Safety Data: MSDS Corrosive, Flammable
Synonyms: acetic acid anhydride; acetic oxide; acetyl anhydride; acetyl ether; acetyl oxide; ethanoic anhydrate; ethanoic anhydride
Synthesis: Acetic anhydride is a very handy organic compound that has fallen into ill repute thanks to the drug dealers. It is technically a watched chemical, but you will only have to answer questions at gunpoint if you buy over 250 gallons. Even so, you will most likely be put on The List if you buy any, and you will have to come up with a bunch of explanations as to what you are going to do with it. Acetic anhydride is very corrosive and must be kept away from moisture, as it will decompose into acetic acid. Into a 200-mL Florence flask, add 70 g of finely pulverized, anhydrous sodium acetate. Set the flask up for simple distillation, instead of a thermometer in the top of the flask use an addition funnel. Slowly add, by dropwise addition, 45.5 mL of acetyl chloride from the addition funnel. After half of the acetyl chloride has been added, stop the addition and stir the reaction mix with a glass stirring rod. Afterwards, continue the addition the rest of the way. If at any point during the addition some material should distill over, pour it back into the reaction flask and decrease the rate of addition to prevent this. After the addition is complete, remove the addition funnel, stop up the flask, and distill with flame or hot plate. The crude acetic anhydride thus obtained needs to be purified by distillation. Set up for a simple distillation, add 3 g of finely pulverized, anhydrous sodium acetate to the reaction flask, and then pour in the crude acetic anhydride. The sodium acetate will convert any remaining acetyl chloride into the anhydride. The receiving flask should be under a water shower for cooling. Place a large funnel (a cheap plastic one will work fine) under the flask with a tube leading to the sink, pour cold water over the top of the receiving flask. The receiving flask can also be held directly under the faucet in the sink. Commence the distillation; the yield should be about 50 g of pure acetic anhydride.
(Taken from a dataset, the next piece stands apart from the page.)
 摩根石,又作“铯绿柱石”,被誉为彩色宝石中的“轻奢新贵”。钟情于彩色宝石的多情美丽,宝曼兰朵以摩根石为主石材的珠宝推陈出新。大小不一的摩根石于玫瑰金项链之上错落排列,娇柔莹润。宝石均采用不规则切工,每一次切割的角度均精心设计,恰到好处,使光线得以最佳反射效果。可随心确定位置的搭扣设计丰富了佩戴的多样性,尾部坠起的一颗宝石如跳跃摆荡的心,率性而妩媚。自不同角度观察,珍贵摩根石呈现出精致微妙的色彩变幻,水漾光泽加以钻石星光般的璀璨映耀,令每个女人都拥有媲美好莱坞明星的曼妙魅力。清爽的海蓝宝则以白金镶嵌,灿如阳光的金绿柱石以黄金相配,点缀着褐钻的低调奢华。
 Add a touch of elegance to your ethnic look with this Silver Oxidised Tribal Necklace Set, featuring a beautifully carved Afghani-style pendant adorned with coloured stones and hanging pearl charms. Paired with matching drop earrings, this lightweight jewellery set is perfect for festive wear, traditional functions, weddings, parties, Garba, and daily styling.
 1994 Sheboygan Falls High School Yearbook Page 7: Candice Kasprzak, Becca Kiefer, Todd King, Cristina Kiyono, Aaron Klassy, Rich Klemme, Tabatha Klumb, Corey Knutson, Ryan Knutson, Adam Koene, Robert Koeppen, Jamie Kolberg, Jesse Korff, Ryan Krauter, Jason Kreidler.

acetone			CH₃COCH₃	CAS number 67-64-1
mp -94	bp 56.5	d 0.788	m 58.08	c $?.??
Safety Data: MSDS Flammable
Synonyms: 2-propanone; chevron acetone; dimethyl formaldehyde; dimethylketal; dimethyl ketone; ketone propane; beta-ketopropane; methyl ketone; propanone; pyroacetic acid; pyroacetic ether
Synthesis: Acetone is available as an OTC chemical in just about every hardware store. The stores sell it cheap, pure, and in large quantities. As far as Synthesis goes it is rather complicated, so it is best to purchase it. Its primary use in the household is as a solvent for paint, i.e. thinning paint, removing varnishes, and cleaning brushes. It can be purchased in pint to 5-gallon sizes at hardware stores or paint supply stores without question. Acetone can be dried out by adding a small amount of calcium chloride, say 1 g per 25 mL, and letting it stand for three to seven days in a sealed container. Occasional agitation, every 12-24 hours, will improve the drying process. After letting the acetone stand, distill it to get the dry acetone. Some of the acetone will combine with the calcium chloride, so it necessary to distill it. Store the dry acetone in a well-sealed container.
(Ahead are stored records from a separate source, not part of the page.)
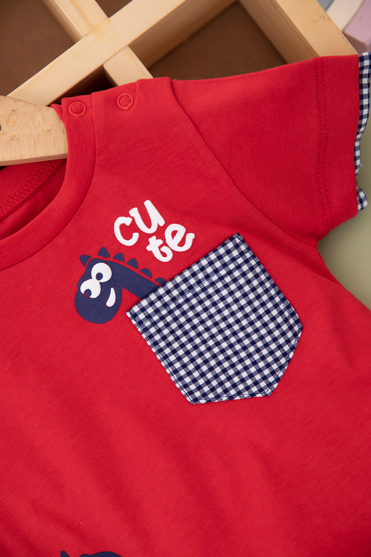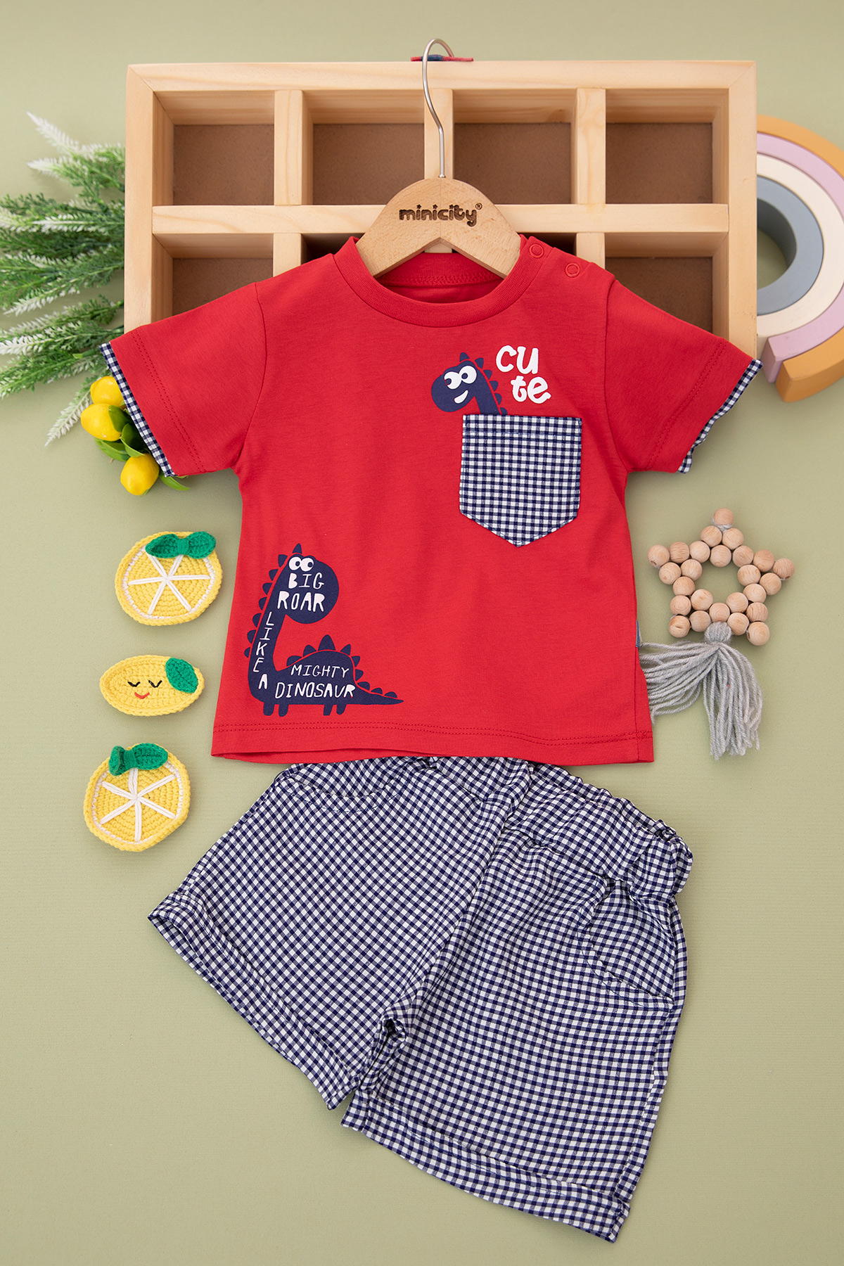 Erkek Bebek Cute Baskılı Ekose Şortlu Takım - 24105 (9-24 Ay)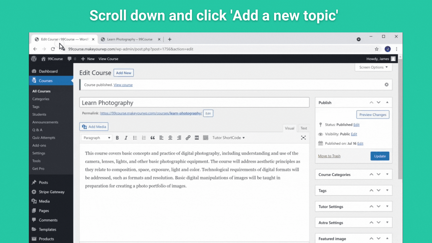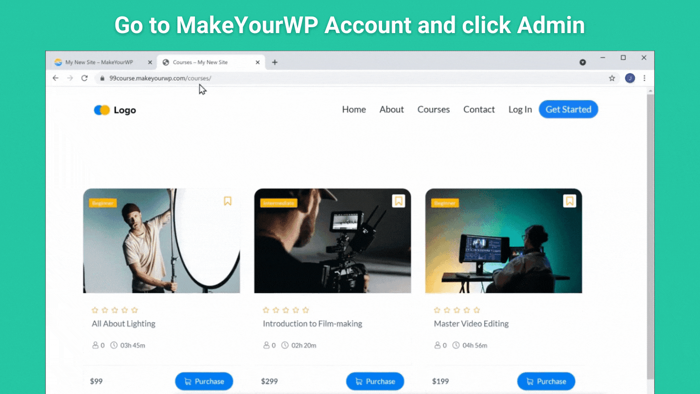 Go to ‘makeyourwp.com’ and launch your online course website today!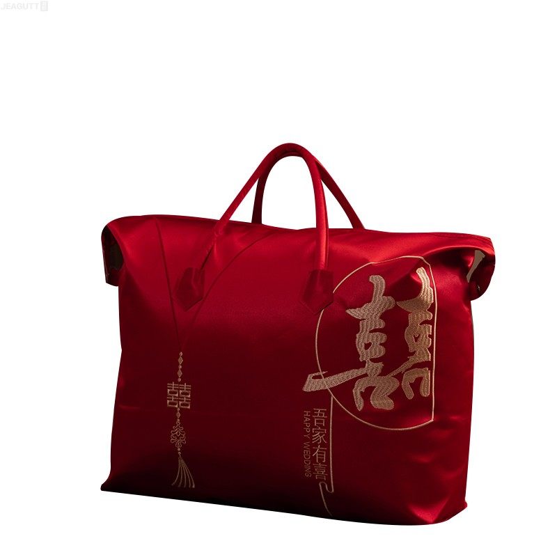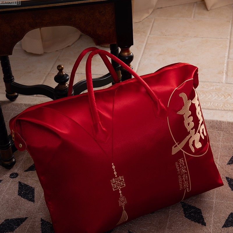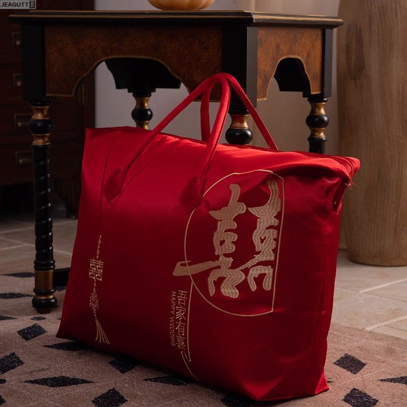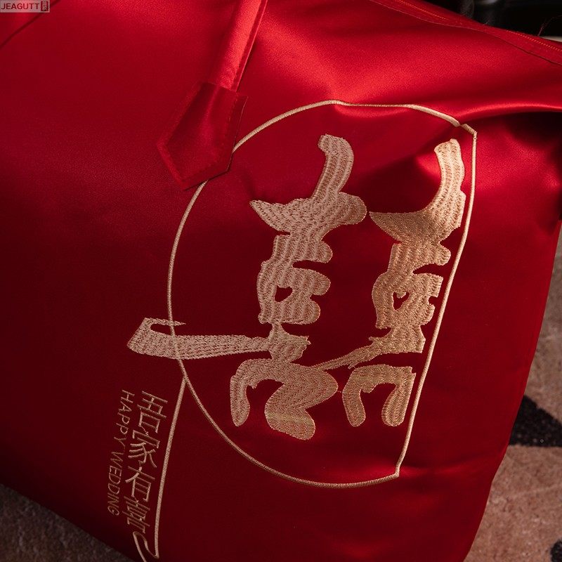 袋子婚庆四件套缎面喜庆手提结婚陪嫁收纳袋 包装 红色喜被装 棉被

acetyl chloride			CH₃COCl	CAS number 75-36-5
mp -112	bp 52	d 1.104	m 78.50	c $?.??
Safety Data: MSDS
Synonyms: acetic acid chloride; acetic chloride; ethanoyl chloride
Synthesis: Place 95 mL of glacial acetic acid into a round-bottomed 500-mL Florence flask. Set the flask up for vacuum distillation with addition. Instead of connecting the vacuum adapter to a vacuum source, attach a calcium chloride drying tube. There is no need for vacuum, just an airtight connection to protect the product from moisture. While cooling the flask in a salt-ice bath, slowly add 51 mL of phosphorus trichloride through the addition funnel. After the addition, place the flask in a water bath heated to 40-50 °C. Continue heating until the active evolution of hydrochloric acid gas slackens, and the liquid separates into two layers. To separate the acetyl chloride, which should have formed on the upper layer, heat the flask on a boiling water bath until nothing more distills over. To purify the acetyl chloride, simple distill the product obtained in the same apparatus used before, except this time replace the addition funnel with a thermometer. Collect the portion distilling over from 50 to 56 °C. The yield is about 80-90 g.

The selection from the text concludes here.